REQUIRED ACTION
What you return must match the data below exactly, minus any pictures.

DATA SECTION
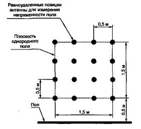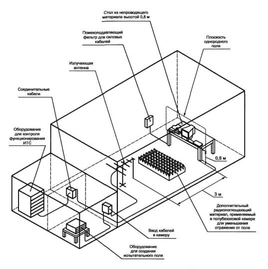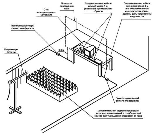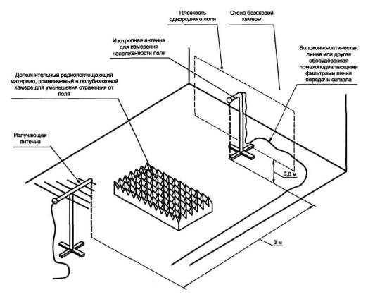 В полубезэховых камерах дополнительная установка радиопоглощающего материала на полу камеры помогает обеспечить требуемую степень однородности испытательного поля на всех частотах. Место размещения радиопоглощающего материала определяют экспериментально.
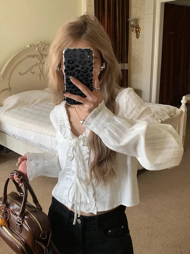 Lunivop Lace Up Sweet White Shirts Women Vintage Long Sleeve Cropped Blouse Casual V Neck Female Korean Elegant Retro Tops New
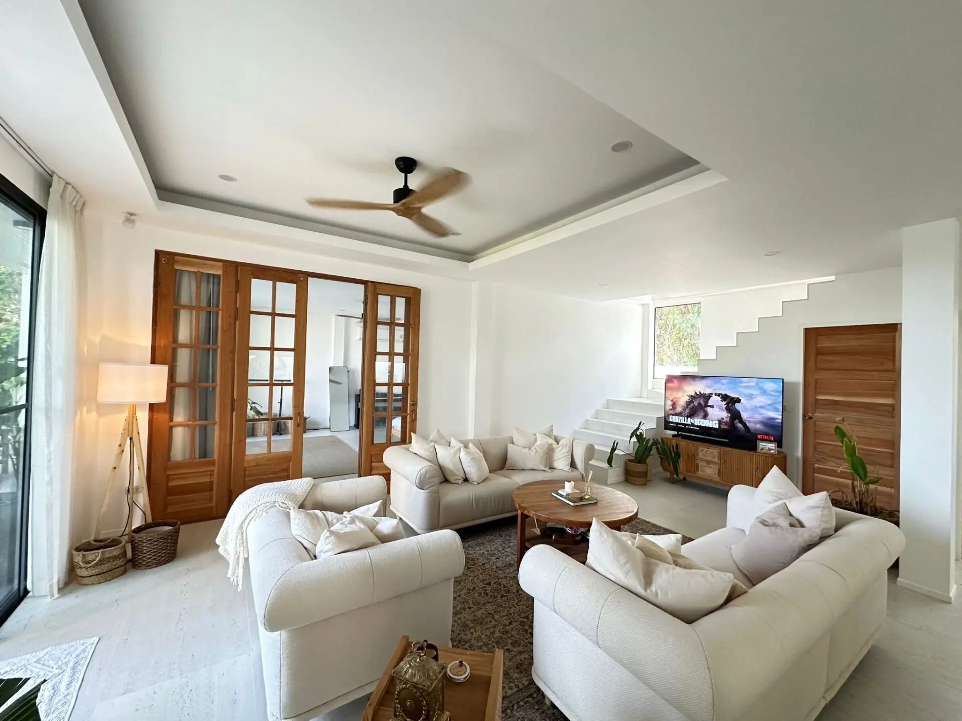 Indulge in the serenity of coastal living with this stunning sea view pool villa nestled in the charming locale of Soi Saiyuan. Boasting 3 bedrooms and 3 bathrooms, this fully furnished retreat offers both comfort and style. Set upon a spacious land area of 324 sqm, the highlight of this property is its inviting 3.5m x 10m x 1.5m swimming pool, perfect for leisurely dips and enjoying the panoramic vistas of the sea. Experience the epitome of cozy in this exquisite villa.
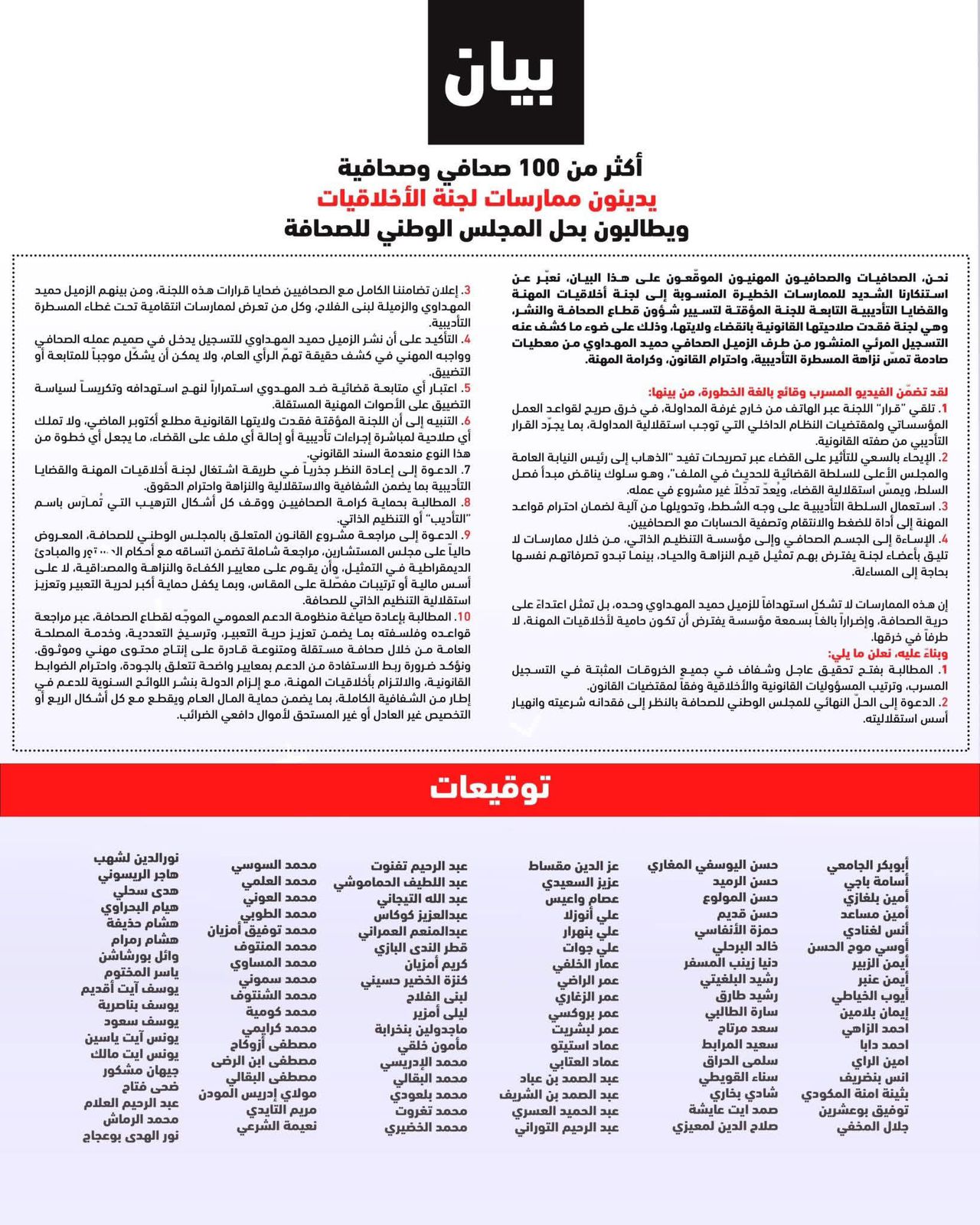 نحن، الصحافيات والصحافيون المهنيون الموقّعون على هذا البيان، نعبّر عن استنكارنا الشديد للممارسات الخطيرة المنسوبة إلى لجنة أخلاقيات المهنة والقضايا التأديبية التابعة للجنة المؤقتة لتسيير شؤون قطاع الصحافة والنشر، وهي لجنة فقدت صلاحيتها القانونية بانقضاء ولايتها، وذلك على ضوء ما كشف عنه التسجيل المرئي المنشور من طرف الزميل الصحافي حميد المهداوي من معطيات صادمة تمسّ نزاهة المسطرة التأديبية، واحترام القانون، وكرامة المهنة.

RESULT FOR THIS TASK
 В полубезэховых камерах дополнительная установка радиопоглощающего материала на полу камеры помогает обеспечить требуемую степень однородности испытательного поля на всех частотах. Место размещения радиопоглощающего материала определяют экспериментально.
 Lunivop Lace Up Sweet White Shirts Women Vintage Long Sleeve Cropped Blouse Casual V Neck Female Korean Elegant Retro Tops New
 Indulge in the serenity of coastal living with this stunning sea view pool villa nestled in the charming locale of Soi Saiyuan. Boasting 3 bedrooms and 3 bathrooms, this fully furnished retreat offers both comfort and style. Set upon a spacious land area of 324 sqm, the highlight of this property is its inviting 3.5m x 10m x 1.5m swimming pool, perfect for leisurely dips and enjoying the panoramic vistas of the sea. Experience the epitome of cozy in this exquisite villa.
 نحن، الصحافيات والصحافيون المهنيون الموقّعون على هذا البيان، نعبّر عن استنكارنا الشديد للممارسات الخطيرة المنسوبة إلى لجنة أخلاقيات المهنة والقضايا التأديبية التابعة للجنة المؤقتة لتسيير شؤون قطاع الصحافة والنشر، وهي لجنة فقدت صلاحيتها القانونية بانقضاء ولايتها، وذلك على ضوء ما كشف عنه التسجيل المرئي المنشور من طرف الزميل الصحافي حميد المهداوي من معطيات صادمة تمسّ نزاهة المسطرة التأديبية، واحترام القانون، وكرامة المهنة.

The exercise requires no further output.